Dataset entries –
- - - - - - -

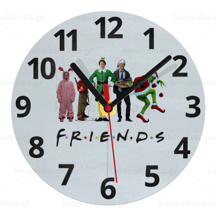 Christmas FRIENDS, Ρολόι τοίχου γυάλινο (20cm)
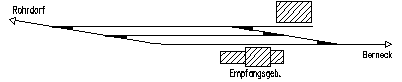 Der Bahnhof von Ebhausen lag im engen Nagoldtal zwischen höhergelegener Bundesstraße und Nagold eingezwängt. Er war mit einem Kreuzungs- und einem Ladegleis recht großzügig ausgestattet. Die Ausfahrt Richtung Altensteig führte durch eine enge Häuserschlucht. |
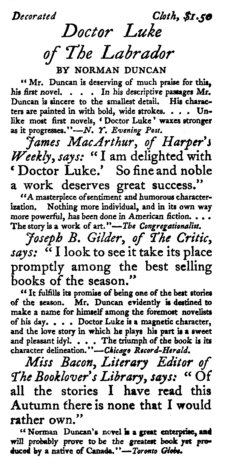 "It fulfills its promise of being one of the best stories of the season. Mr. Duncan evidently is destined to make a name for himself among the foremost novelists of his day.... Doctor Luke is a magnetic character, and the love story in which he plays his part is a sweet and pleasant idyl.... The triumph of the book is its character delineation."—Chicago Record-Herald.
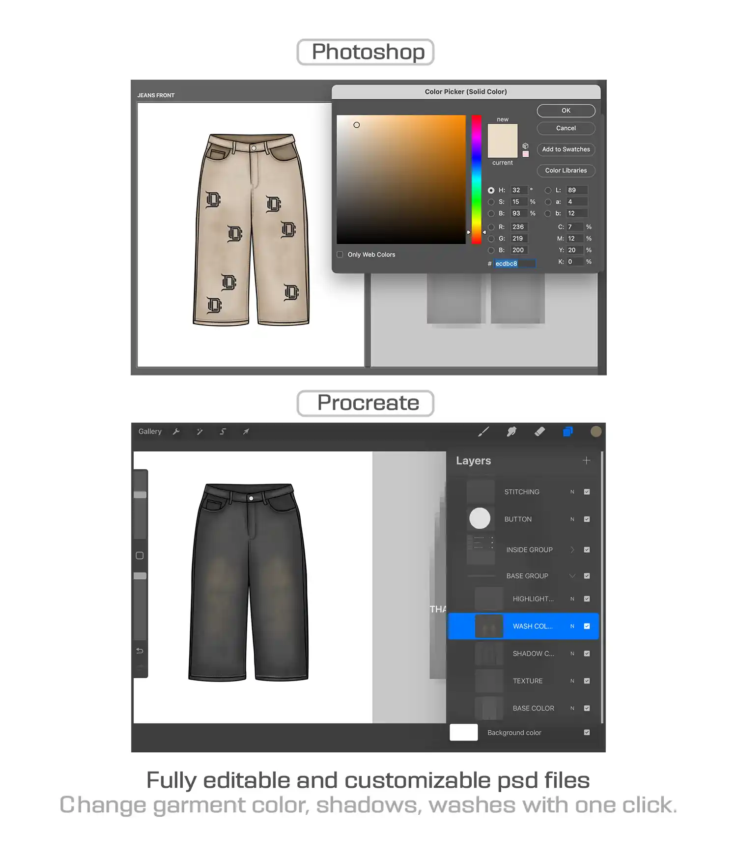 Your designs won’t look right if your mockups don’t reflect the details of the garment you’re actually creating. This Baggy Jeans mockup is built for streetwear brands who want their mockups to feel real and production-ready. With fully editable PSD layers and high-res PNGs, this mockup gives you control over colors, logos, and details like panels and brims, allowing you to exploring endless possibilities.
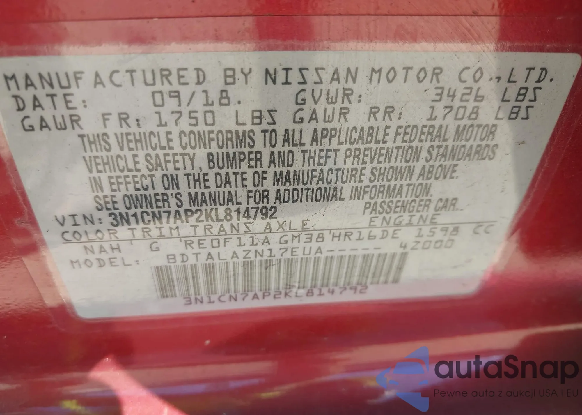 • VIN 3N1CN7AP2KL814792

- - - - - - -

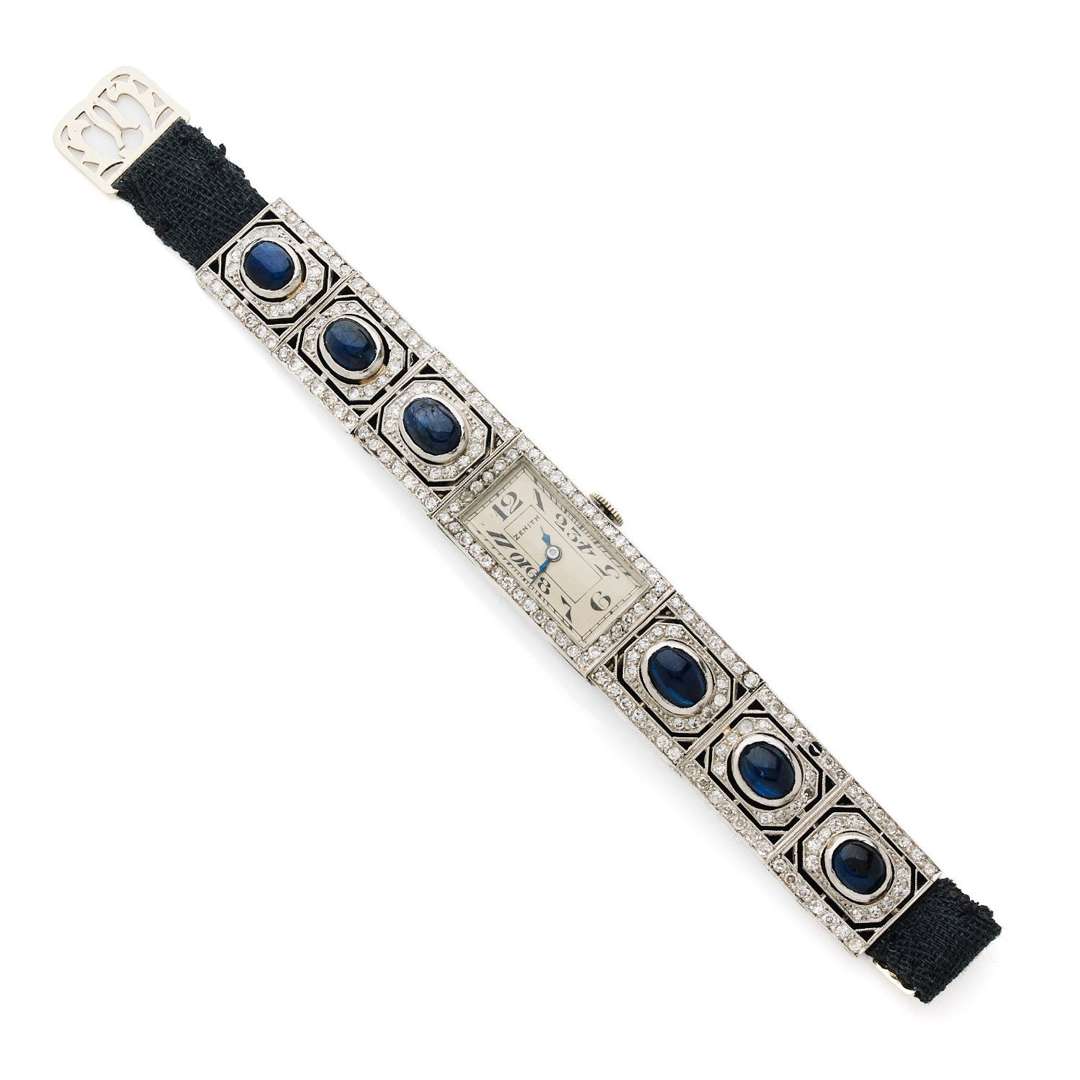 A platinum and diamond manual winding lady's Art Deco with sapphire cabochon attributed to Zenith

- - - - - - -

Work to complete –
The line holding "Christmas FRIENDS, Ρολόι" starts the copy and the line holding "Der Bahnhof von" ends it. Repeat those two lines above and all between them exactly, leaving out pictures.

Response to the task –
 Christmas FRIENDS, Ρολόι τοίχου γυάλινο (20cm)
 Der Bahnhof von Ebhausen lag im engen Nagoldtal zwischen höhergelegener Bundesstraße und Nagold eingezwängt. Er war mit einem Kreuzungs- und einem Ladegleis recht großzügig ausgestattet. Die Ausfahrt Richtung Altensteig führte durch eine enge Häuserschlucht. |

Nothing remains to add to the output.